Keep the paperwork the kitchen designer gives you that lists all the cupboards with their components. If you lose it, you are toast! Impossible to know what goes with what without it. I referred to it constantly for all sorts of things, like codes to find the right package in the pile or what type of hinges went with a particular door. It is your bible, keep it where you can find it!
Putting the cupboards together is easy and does not require any particular carpentry or DIY skills. But you need to read your instructions really carefully and completely. If you don’t understand something, take the time to research online and puzzle it out before you go ahead. Skimp on that and you will ultimately waste time having to undo and redo things. IKEA has tested and refined their instructions over many years, so if something seems silly, assume that you misunderstood, not that they are idiots. I know I sound as if I am on their payroll, but believe me, I’m just a satisfied customer.
Cutting the holes into the sink and benchtops is in a different league to putting together a cupboard. The former does require some skill and knowledge of tools, and a familiarity with carpentry. If you are a total novice, get someone else to do it or buy custom made. Or approach with extreme caution, read everything you can find online and watch all the videos. Be prepared for a challenging job.

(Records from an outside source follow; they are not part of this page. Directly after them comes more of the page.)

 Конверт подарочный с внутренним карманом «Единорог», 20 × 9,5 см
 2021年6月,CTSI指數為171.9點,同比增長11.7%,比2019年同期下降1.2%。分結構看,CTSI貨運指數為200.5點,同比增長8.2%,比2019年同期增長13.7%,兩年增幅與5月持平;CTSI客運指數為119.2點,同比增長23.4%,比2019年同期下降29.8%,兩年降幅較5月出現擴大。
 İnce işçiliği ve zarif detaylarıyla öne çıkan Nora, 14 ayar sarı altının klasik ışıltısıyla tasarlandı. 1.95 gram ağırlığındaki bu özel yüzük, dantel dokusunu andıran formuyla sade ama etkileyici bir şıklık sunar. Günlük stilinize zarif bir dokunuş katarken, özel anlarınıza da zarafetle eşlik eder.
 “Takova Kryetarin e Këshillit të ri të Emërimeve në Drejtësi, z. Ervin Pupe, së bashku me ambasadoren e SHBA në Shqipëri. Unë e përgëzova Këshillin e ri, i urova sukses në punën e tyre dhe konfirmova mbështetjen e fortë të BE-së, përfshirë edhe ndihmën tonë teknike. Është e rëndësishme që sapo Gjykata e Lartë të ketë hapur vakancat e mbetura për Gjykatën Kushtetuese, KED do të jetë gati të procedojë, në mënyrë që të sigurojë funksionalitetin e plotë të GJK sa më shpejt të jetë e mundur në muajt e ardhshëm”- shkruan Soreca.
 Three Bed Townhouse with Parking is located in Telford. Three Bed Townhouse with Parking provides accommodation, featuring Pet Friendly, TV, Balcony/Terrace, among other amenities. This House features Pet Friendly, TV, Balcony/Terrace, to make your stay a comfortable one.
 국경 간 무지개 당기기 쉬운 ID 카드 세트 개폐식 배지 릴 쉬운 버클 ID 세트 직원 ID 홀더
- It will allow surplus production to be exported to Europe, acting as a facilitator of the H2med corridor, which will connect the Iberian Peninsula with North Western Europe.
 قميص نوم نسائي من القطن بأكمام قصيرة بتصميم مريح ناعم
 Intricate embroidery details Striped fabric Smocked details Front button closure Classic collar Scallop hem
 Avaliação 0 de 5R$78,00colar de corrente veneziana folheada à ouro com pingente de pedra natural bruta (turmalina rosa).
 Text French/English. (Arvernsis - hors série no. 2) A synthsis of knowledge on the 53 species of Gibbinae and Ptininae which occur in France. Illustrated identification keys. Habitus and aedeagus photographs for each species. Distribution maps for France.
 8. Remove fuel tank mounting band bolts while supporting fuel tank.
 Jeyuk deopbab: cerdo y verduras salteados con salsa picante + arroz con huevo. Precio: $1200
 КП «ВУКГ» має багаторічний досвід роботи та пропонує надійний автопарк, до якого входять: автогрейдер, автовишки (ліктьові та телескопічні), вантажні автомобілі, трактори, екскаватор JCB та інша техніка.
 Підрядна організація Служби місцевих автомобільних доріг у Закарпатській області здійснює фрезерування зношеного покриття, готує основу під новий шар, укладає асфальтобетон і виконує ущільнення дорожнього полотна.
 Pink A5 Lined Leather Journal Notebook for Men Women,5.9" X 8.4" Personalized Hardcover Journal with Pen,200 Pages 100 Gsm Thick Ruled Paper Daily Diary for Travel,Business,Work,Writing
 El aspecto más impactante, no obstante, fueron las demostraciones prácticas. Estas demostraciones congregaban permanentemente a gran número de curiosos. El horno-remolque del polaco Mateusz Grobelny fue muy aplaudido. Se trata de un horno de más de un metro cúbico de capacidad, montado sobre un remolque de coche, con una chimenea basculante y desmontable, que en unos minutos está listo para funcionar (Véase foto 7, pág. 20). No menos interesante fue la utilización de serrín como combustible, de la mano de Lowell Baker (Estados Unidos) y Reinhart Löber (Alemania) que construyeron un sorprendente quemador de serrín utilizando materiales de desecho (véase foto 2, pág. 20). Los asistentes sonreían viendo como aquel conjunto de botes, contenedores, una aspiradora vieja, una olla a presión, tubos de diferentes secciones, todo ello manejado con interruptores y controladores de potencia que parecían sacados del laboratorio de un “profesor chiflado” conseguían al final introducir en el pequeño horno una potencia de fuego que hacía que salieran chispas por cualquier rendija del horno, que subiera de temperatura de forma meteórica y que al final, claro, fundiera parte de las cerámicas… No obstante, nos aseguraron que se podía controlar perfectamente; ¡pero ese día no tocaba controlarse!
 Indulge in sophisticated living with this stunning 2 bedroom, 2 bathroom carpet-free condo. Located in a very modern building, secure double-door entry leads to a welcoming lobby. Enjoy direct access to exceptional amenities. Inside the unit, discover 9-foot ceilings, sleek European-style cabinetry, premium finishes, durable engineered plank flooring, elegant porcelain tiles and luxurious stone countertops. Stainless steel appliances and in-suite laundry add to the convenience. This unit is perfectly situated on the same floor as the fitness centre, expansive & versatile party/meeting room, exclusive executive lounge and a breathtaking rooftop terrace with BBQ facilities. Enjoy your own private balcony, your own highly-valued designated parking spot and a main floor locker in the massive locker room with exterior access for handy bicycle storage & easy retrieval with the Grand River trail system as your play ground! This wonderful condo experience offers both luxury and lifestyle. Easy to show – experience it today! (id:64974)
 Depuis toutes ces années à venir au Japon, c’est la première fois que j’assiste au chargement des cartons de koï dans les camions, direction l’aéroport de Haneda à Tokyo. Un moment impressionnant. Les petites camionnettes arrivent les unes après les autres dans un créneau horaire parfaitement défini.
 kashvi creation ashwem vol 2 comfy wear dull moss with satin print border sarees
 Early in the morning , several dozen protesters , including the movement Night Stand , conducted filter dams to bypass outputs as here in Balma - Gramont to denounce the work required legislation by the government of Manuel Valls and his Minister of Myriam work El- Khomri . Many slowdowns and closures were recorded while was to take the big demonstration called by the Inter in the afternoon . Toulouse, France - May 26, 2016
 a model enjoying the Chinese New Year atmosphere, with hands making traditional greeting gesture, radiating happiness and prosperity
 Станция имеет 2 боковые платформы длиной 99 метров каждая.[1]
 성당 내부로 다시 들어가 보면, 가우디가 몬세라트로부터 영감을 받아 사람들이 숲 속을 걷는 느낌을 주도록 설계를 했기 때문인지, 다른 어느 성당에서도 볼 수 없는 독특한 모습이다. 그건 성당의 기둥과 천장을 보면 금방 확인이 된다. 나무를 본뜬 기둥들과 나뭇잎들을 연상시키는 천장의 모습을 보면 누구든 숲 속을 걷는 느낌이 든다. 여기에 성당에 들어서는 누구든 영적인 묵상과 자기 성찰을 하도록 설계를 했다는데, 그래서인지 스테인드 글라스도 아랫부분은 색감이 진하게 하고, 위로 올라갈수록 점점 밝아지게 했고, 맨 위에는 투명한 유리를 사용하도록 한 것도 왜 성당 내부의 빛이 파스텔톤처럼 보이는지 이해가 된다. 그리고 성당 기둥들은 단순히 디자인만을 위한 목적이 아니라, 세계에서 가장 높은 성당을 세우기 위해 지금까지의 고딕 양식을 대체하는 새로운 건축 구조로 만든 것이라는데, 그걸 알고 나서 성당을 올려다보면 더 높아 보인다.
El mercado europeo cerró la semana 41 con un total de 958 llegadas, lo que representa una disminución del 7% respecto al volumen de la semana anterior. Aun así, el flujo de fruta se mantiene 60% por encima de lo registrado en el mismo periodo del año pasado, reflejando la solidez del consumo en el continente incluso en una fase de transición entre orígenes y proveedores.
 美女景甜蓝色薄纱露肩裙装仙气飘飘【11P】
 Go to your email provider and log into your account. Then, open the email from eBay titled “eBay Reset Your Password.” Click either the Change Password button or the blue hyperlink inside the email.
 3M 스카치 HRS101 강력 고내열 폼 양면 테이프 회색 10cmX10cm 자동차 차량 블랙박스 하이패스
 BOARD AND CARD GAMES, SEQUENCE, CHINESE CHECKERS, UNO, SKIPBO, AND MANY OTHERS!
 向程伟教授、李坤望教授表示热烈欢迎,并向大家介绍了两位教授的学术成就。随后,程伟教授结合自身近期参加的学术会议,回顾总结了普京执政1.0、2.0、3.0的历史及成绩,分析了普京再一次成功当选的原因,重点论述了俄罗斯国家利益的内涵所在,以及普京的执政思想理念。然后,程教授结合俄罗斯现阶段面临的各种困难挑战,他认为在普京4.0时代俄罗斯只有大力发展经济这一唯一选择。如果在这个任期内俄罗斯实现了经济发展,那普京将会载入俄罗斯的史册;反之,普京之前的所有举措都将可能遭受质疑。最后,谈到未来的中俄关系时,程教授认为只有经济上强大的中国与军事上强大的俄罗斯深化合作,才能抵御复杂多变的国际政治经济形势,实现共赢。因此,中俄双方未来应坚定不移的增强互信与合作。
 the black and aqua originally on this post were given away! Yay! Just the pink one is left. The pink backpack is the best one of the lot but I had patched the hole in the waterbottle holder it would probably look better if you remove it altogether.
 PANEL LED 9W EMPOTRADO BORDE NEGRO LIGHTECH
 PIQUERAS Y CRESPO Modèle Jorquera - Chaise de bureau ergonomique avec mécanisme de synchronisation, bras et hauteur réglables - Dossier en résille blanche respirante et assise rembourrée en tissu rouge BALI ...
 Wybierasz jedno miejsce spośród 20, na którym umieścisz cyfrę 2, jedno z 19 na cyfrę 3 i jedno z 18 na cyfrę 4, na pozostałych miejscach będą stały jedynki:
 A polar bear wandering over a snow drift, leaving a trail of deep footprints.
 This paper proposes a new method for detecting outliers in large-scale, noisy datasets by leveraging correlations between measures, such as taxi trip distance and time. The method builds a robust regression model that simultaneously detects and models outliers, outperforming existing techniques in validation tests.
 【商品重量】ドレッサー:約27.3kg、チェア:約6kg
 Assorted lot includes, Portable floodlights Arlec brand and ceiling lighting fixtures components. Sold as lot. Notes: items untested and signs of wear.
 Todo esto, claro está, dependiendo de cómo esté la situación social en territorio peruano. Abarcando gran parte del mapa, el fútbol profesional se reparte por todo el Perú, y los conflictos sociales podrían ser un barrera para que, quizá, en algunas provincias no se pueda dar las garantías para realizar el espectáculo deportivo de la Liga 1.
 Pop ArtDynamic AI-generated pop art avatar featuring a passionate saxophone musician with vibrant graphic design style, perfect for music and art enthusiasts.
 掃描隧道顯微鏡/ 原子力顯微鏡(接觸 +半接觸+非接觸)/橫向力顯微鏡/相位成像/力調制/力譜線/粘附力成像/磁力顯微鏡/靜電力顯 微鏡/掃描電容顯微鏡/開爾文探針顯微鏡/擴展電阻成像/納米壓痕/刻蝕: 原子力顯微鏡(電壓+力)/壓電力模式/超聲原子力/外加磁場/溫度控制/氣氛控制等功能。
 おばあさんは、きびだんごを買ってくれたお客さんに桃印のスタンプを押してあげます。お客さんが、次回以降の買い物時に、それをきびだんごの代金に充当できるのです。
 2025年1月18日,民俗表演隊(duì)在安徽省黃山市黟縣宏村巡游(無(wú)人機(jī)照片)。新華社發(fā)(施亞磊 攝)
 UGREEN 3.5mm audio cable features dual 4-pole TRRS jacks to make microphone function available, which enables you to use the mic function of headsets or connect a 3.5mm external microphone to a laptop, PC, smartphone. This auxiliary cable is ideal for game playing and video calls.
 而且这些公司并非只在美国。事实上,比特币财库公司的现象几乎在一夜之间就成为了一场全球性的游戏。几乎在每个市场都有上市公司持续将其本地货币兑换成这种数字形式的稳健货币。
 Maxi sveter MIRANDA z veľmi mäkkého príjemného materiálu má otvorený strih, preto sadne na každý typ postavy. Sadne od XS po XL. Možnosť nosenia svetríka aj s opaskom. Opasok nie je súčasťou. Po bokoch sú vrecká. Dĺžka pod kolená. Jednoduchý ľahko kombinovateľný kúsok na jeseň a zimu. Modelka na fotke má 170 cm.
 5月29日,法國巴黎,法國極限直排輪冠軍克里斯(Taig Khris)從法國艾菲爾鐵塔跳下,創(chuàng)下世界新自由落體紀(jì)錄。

All that said, don’t sweat the small stuff. We did make mistakes, but none of them mattered in the end. The small crack in the worktop behind the sink that gave me conniptions cannot be seen unless you specifically look for it, and the same is true for assorted other little oopsies. Probably the biggest mistake we made was the raw material we used for our display shelves. Too lazy to make the 3 hour round trip to IKEA, we bought melamine shelving from the local hardware store. When it was installed we were horrified to notice that the white of the melamine was quite different from the IKEA white. We fully intended to rectify this with proper IKEA shelves, but when we put all our display items on the shelves to see what it would look like, we were amazed to find that the colour difference disappeared. The eye was completely captured by what was ON the shelves, and the shelves themselves became background, totally unnoticed.
Timewise, while the cupboards go together quickly, the finishing takes much longer than you would expect. I would even go as far as to say that 90% of the work will be done in 50% of the total time. The last 10% will take the other half. So if you are planning to finish for Christmas Day, or that huge birthday bash for your darling spouse, be warned. On the other hand, a kitchen that is 90% finished will probably be fully functional, just not ready to be shown off in all its glory to your admiring guests.
So, can I recommend the experience? I can. Would I do it again? Absolutely!